What makes a teapot a teapot? Is it the shape or size, its texture or function? As far as I know, there is no Theory of Teapots proscribing the criteria to be properly considered a teapot. And yet, I know a teapot when I see a teapot, even if it shares some characteristics of non-teapots, or is a teapot but also something else, like a teapot in the shape of R2D2. This ability I have to imagine teapots that are not precisely teapots is what makes me, or really any human, vastly better than even the best visual recognition AIs.
Computer vision is one of the most widely used applications of artificial intelligence today, powering everything from facial recognition software to autonomous vehicles to porn identification on Tumblr. But despite intense focus on the field by tech giants like Amazon and Google, computer vision isn’t flawless: juggalos evade recognition, widespread adoption of autonomous vehicles is perpetually a few years a way, and machines haven’t really figured out the whole art/porn distinction. With more and more resources being directed at this problem, it’s becoming clear that these challenges aren’t simply the result of a lack of processing power; perfecting computer vision may require us to understand perception from a machine’s point of view.
In a study published in PLOS Computational Biology last month, a group of cognitive psychologists from UCLA conducted a series of image recognition experiments to shed light on the differences between human sight and computer vision. They found that, despite incredible advances in computer vision over the past decade, certain image recognition tasks still confound deep convolutional neural networks (DCNNs, the architecture used for most computer vision systems).

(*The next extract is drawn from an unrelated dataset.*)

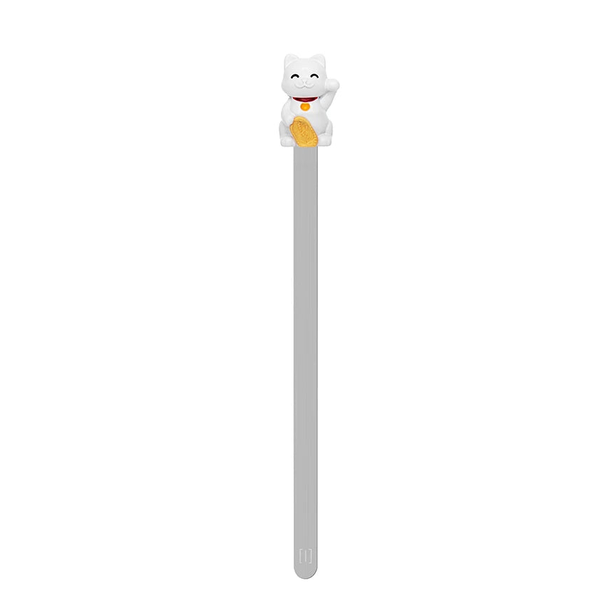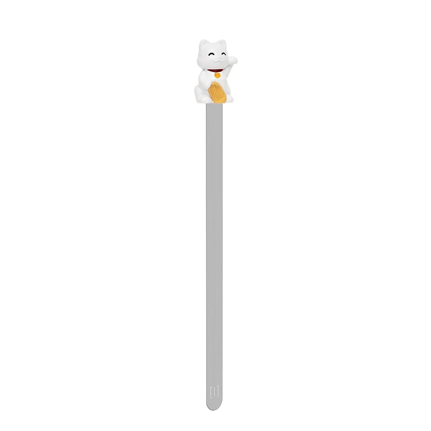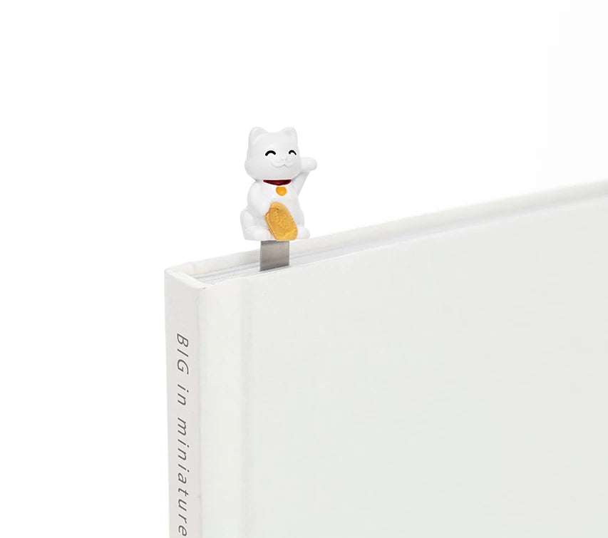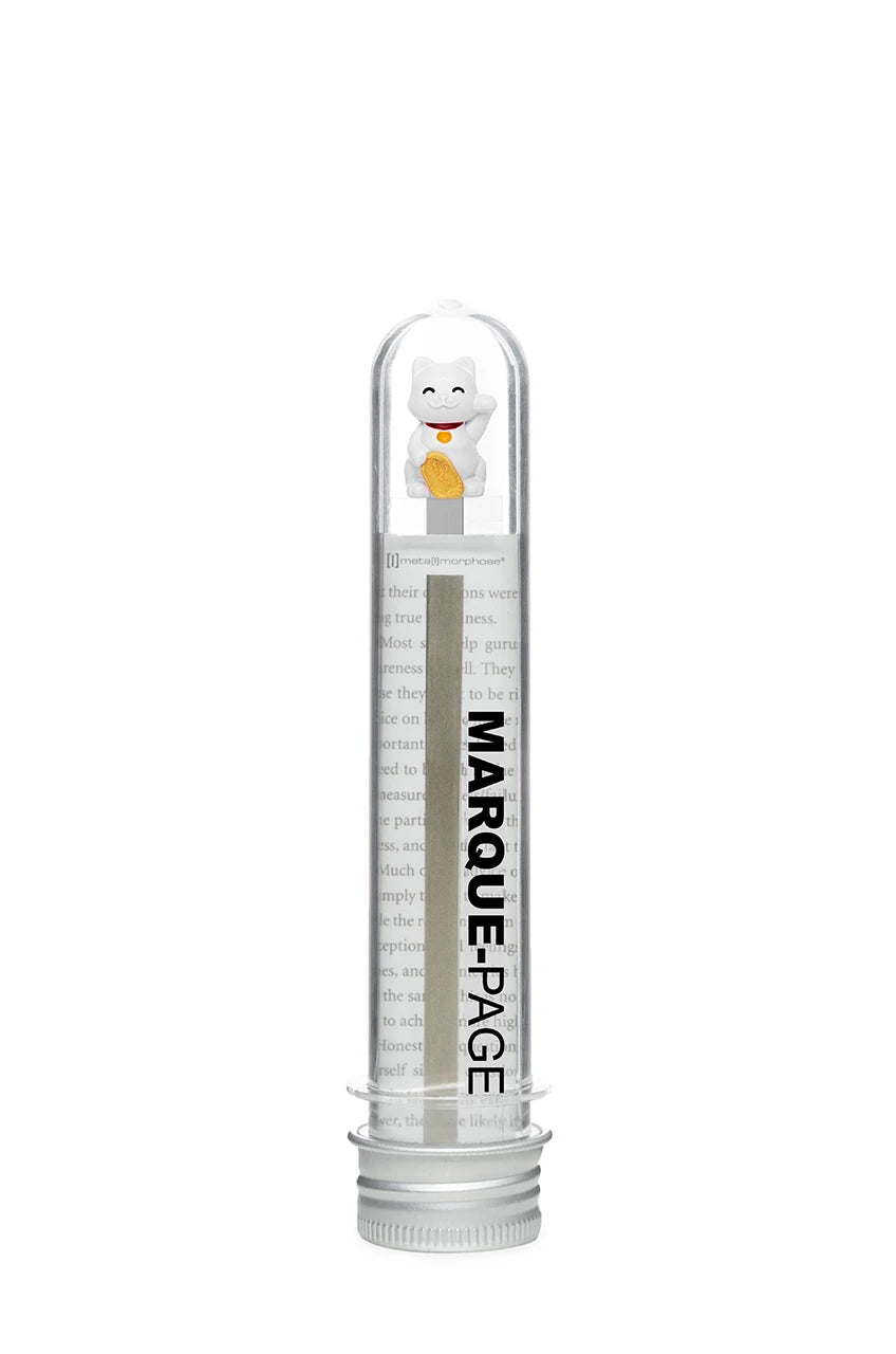Meta [l] morphose® Kitap Ayracı - Akrilik Tüp Ambalaj - Şanslı kedi - beyaz boya/altın kaplama ve silikon kolye - telif hakkı kayıtlı tasarım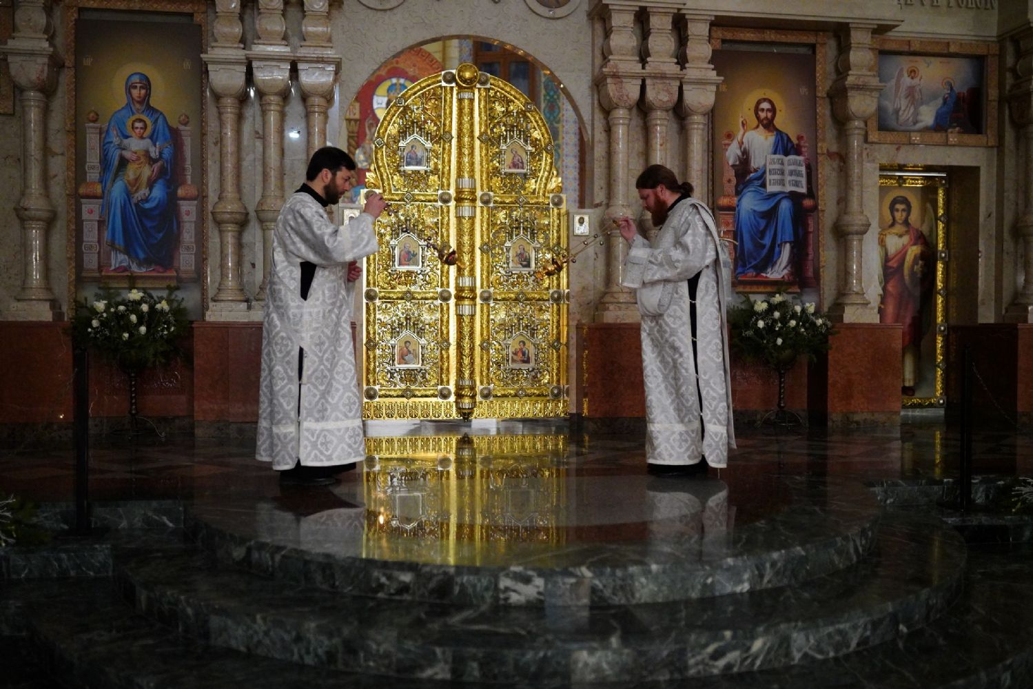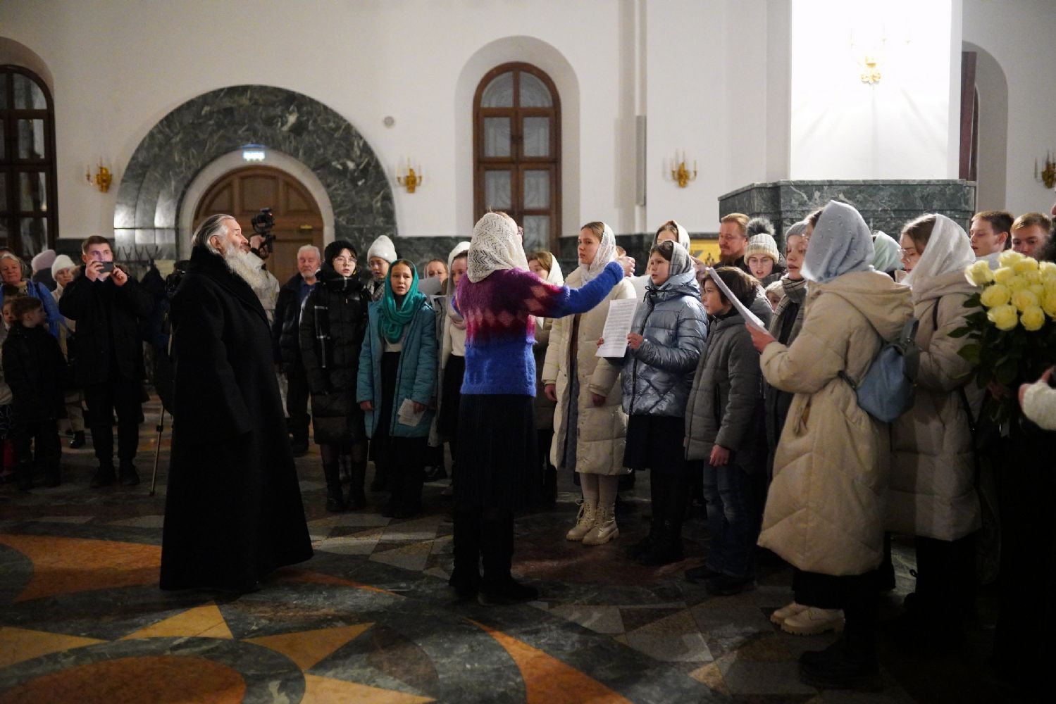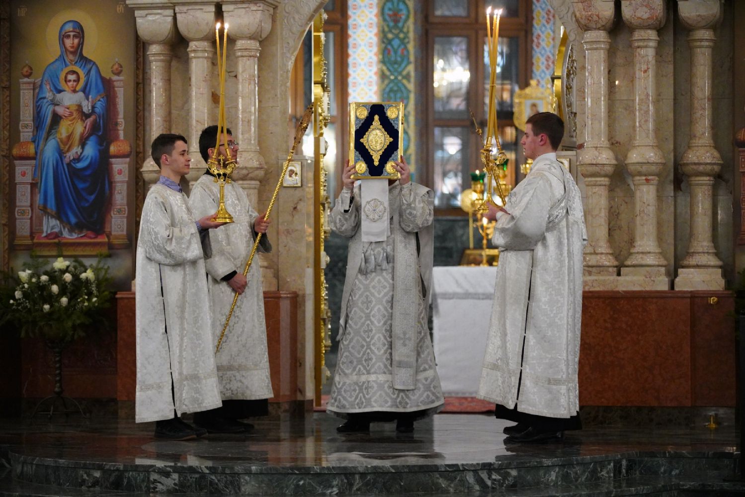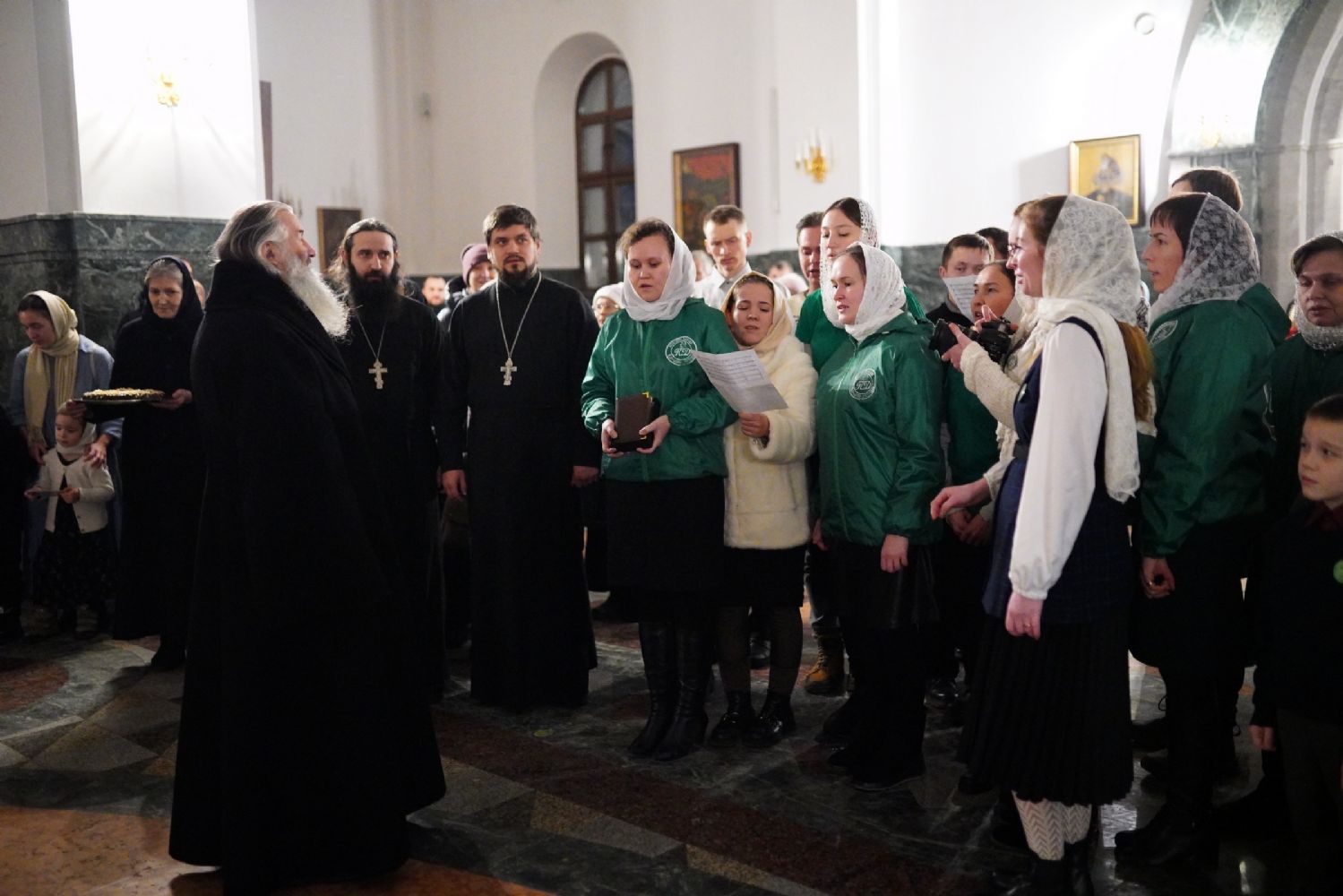 Его Высокопреосвященству сослужили секретарь Йошкар-Олинского епархиального управления иеромонах Серафим (Пасанаев), ключарь собора протоиерей Сергий Поглазов, клирики собора и протодиакон Михаил Козловский. Пел детско-юношеский хор «Благовест» под управлением регента Татьяны Черновой.

In order to test the competency of an AI system, the researchers fed surreal images of animals and objects to the top-of-the-line image recognition neural network VGG-19. The images all had the basic outline of an object or animal, but were filled with a strange texture: a otter made to look like a speedometer; a patchwork-quilt elephant; a teapot stamped like a golf ball. While a bit disorienting, the images are easily recognizable to us. But the neural network struggled with these categorizations, assigning only a 41 percent probability that the teapot was a teapot, and a 0 percent chance that the elephant was, in fact, an elephant.
The DCNN did guess that the teapot was a golf ball, suggesting that texture was a key feature for its recognition systems. For people, shape is usually the most important identifying factor, because we perceive objects globally; a flamingo, for example, is not a pink body, long neck, head and wings perched upon a single leg, but one cohesive thing (a weird bird). AI systems, on the other hand, seem to categorize images by breaking them down into discrete parts. To a neural network, a flamingo is an assemblage of appendages; they are more dependent on local features than global features.
The piecemeal approach used by the network to identify images became even more clear in a later experiment. The researchers picked out six images that the network had properly identified, cut them up into a grid, and scrambled the pieces before feeding the altered images back to the network. The network correctly identified five out of the six scrambled images, while ten human study participants only correctly identified 36 percent of the images.
“This study shows these systems get the right answer in the images they were trained on without considering shape,” study author Philip Kellman told UCLA Newsroom. “For humans, overall shape is primary for object recognition, and identifying images by overall shape doesn’t seem to be in these deep learning systems at all.”
That’s not to say artificial intelligence is just, well, dumber than we are. In certain arenas, like chess, AI is far superior to people. But AI dominance is restricted to highly structured, rule-based domains. Something as simple as pointing out stop signs in an image can stump a machine – that’s why these kinds of recognition tasks are used in CAPTCHAs to prove one’s humanity (and, perversely, to provide training data for a neural network). Your human brain can take everything it knows about teapots and golf balls and successfully identify a teapot shaped or patterned like a golf ball; so far, AIs don’t have that ability to reason.
When it comes to image recognition, there’s a level of abstraction that we haven’t figured out how to encode in machines. Neural networks, after all, are trained using a technique called reinforcement learning, where the network is fed gobs of data and “learns” based on the examples it is given. If you were going to train a network to recognize stop signs, you would feed it a ton of pictures of stop signs, and a bunch of non-stop sign images, and tweak its parameters until it learned to recognize stop signs based on the patterns it detects in the images. What makes this training process so difficult is that you need the network to pick up enough signals from the data so that it recognizes stop signs — the concept — but not just those particular stop signs in the dataset — the examples meant to illustrate a concept.
People are able to pick out what makes a thing that thing – its essence — and abstract that to other objects that have the same essence, but different contingent properties. This is the ultimate goal of computer vision, a modest step that would represent a huge leap for computerkind: to be able to look at a teapot that kind of looks like a golf ball and still recognize it as a teapot.